That's a very simplified summary of how to become a foreign language teacher here:

In *France*, you need to pass a competitive exam (concours) called "le CAPES", after your degree (in languages, that's better )
It's divided into two parts:
First, "les écrits": written exams on
- civilization
- literature
- translation

(the "programme" for English for this year, if you're interested)

(let's note that you can teach only one subject in France except in vocational schools where you can teach 2 if you have passed an exam...)

If you pass them, you have an oral exam, still at a national level on
- didactics (in languages, speaking about 30 minutes on a collection of extracts from textbooks to say very interesting things on it such as "is it in accordance to the "instructions officielles", issued by le ministère de l'éducation?)
- synthesis. 3 documents & for 20 minutes you present your synthesis.
+ kind of listening test: you listened to a 2-minute document in English twice & you have to sum it up in French.

So, no, never at any time you see what a pupil looks like, how to deal with them, what the job looks like,... From this year on, it's compulsory to have spent some time abroad but it was not the case before.
So some time ago, accent of foreign language teachers could be quite appalling (well, I guess that sometimes, it still is ).

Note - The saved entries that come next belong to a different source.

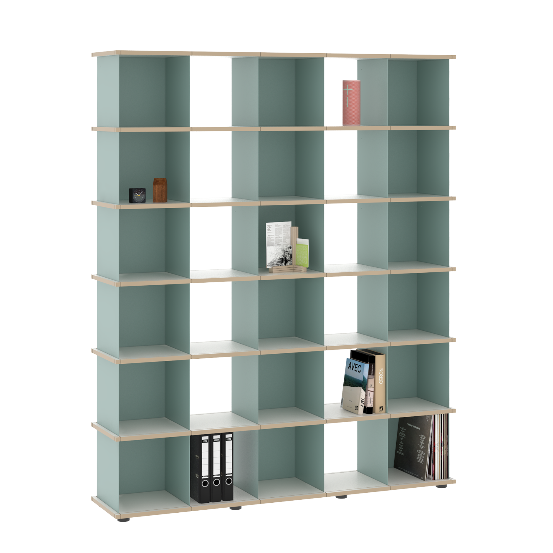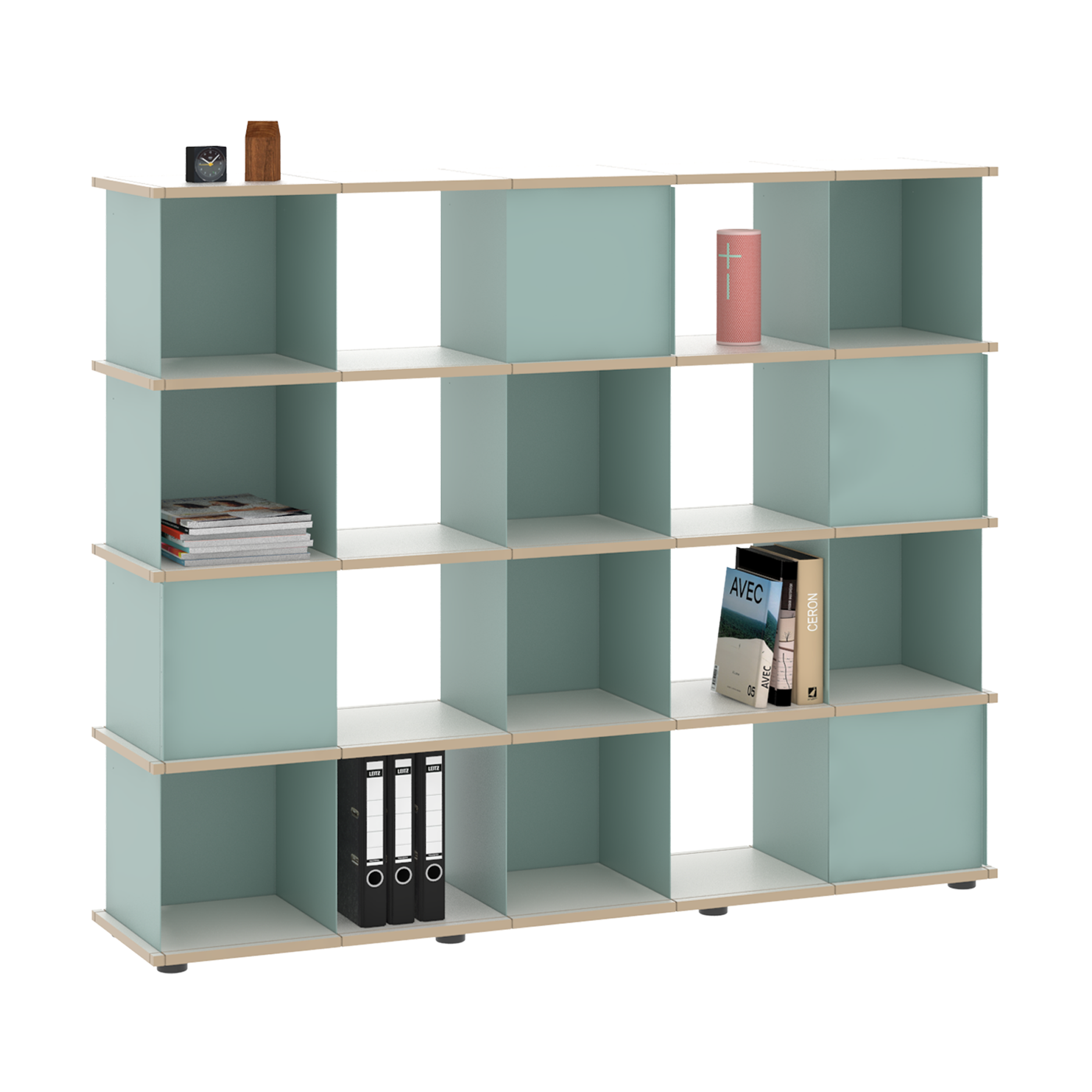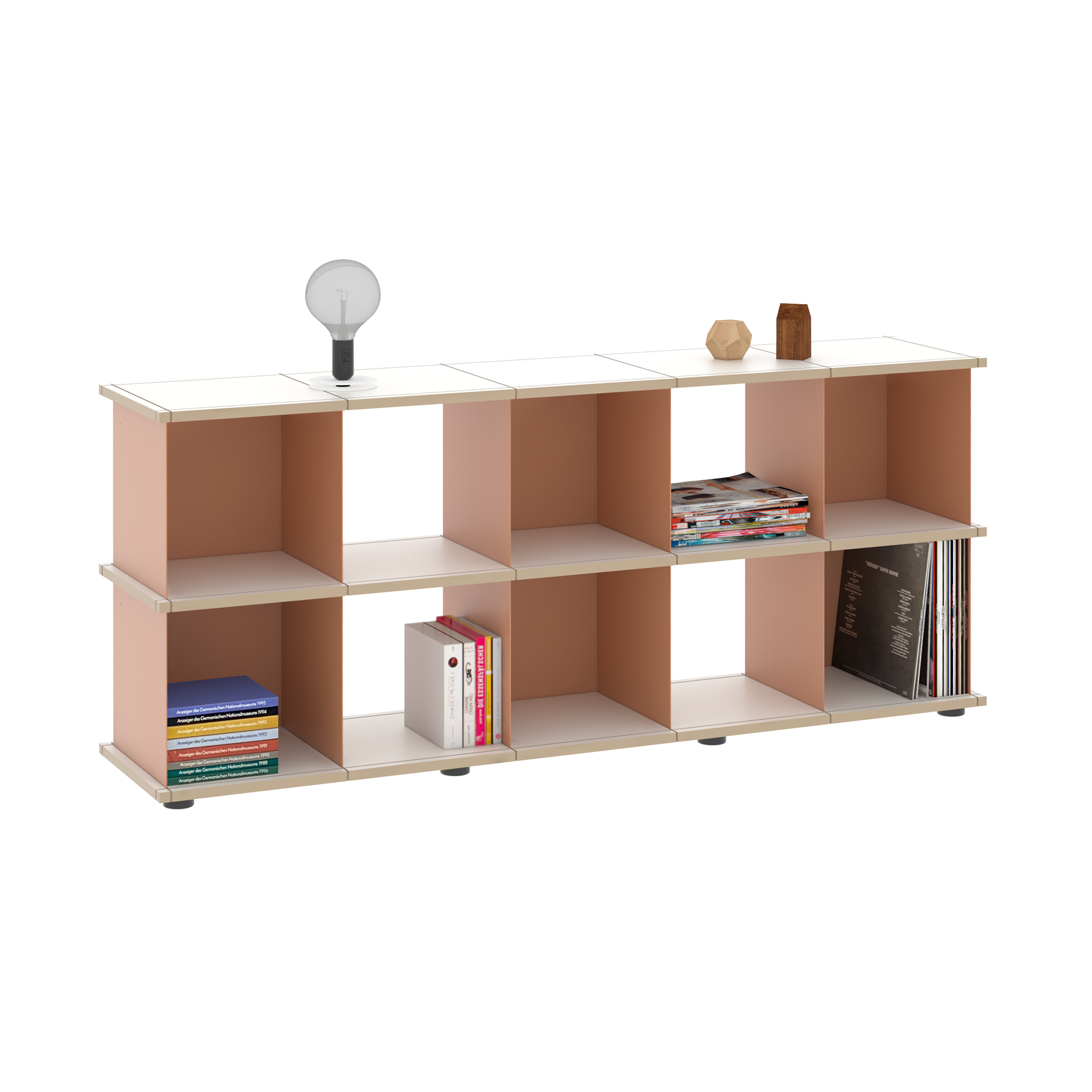 Da sich die Fächer in allen Richtungen in die Nuten der Böden einsetzen lassen, sind die Möbel allseitig und auch wandunabhängig nutzbar. Und dank der verstellbaren Füße an den Sockelböden können Unebenheiten im Fußboden mit einfachen Handgriffen ausgeglichen werden.
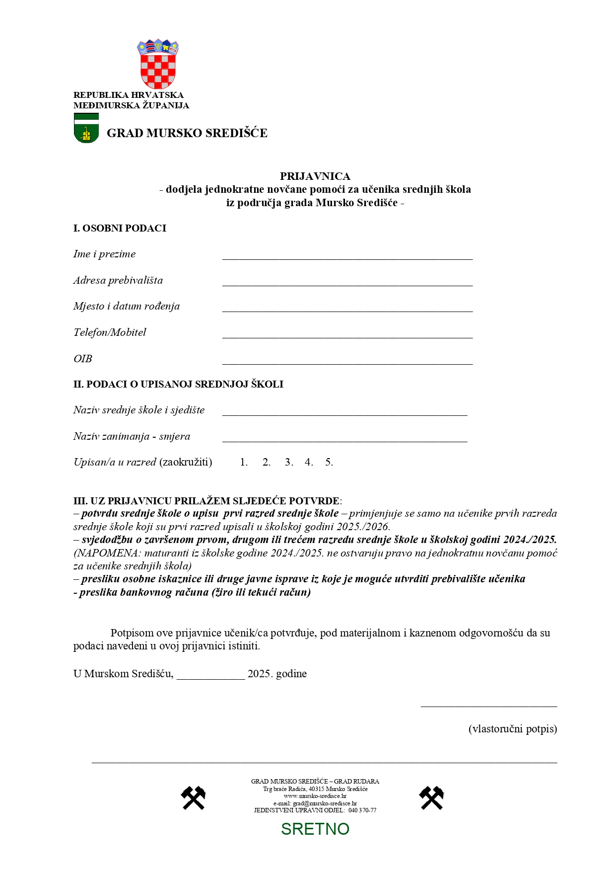 Grad Mursko Središće u svrhu dodjele jednokratne novčane pomoći za potrebe školovanja prikuplja popis učenika srednjih škola s područja grada Mursko Središće. Visina jednokratne novčane pomoći iznosi 70,00 eura.
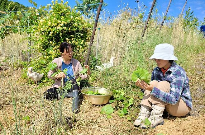 | ▲ 일하는 거 맞아요, 맞다니깐요 포도잎을 다듬는 필자와 연돌. |

So, no interview or anything. Once you pass this exam, you start being a trainee teacher, giving only few classes, guided by a tutor.

To be a teacher in private schools, you are prepared the same way & take the same exam basically but you need higher marks.
But I think you can also try to be a teacher without having that exam...

OK, I think now you can all go to bed  Sweet dreams


----------



## raptor

> Thank you raptor for your interesting comments. That teaching degree you said... is valid for any level?. Teaching degree in Spain is only for primary school, whereas secondary teachers have no special teaching training (apart from a brief pedagogical course) before starting working. Actually any Spanish graduate can become a teacher just by passing the selection process. In case of English teachers, for example, most of them are philologists and translators/interpreters.


 
Afar as I know, the degrees are different for different levels of education. So a graduate cannot teach high school subjects when he/she has been taught how to teach kindergardners! Of course, one would have to take a specific course in whatever subject you want to teach.  There is only a 'pre-degree' that is more generic than specialized, I think.

Most teachers (or is it all?) go through an 'initiation' proccess, as it were. What I've seen is that at first, they observe a class in session for a few weeks, then the teacher and the student teach the class (about evenly), then the teacher sits on the sidelines, and the student teaches.

I don't think foreign language speekers are required to have jobs in that language previously, but it certainly helps to have a very good understanding of it!

raptor


----------



## argentina84

I have one question: And what about if I want to work as a teacher of Spanish in a foreign country? If I am a graduate English teacher, what kind of qualifications do I need? 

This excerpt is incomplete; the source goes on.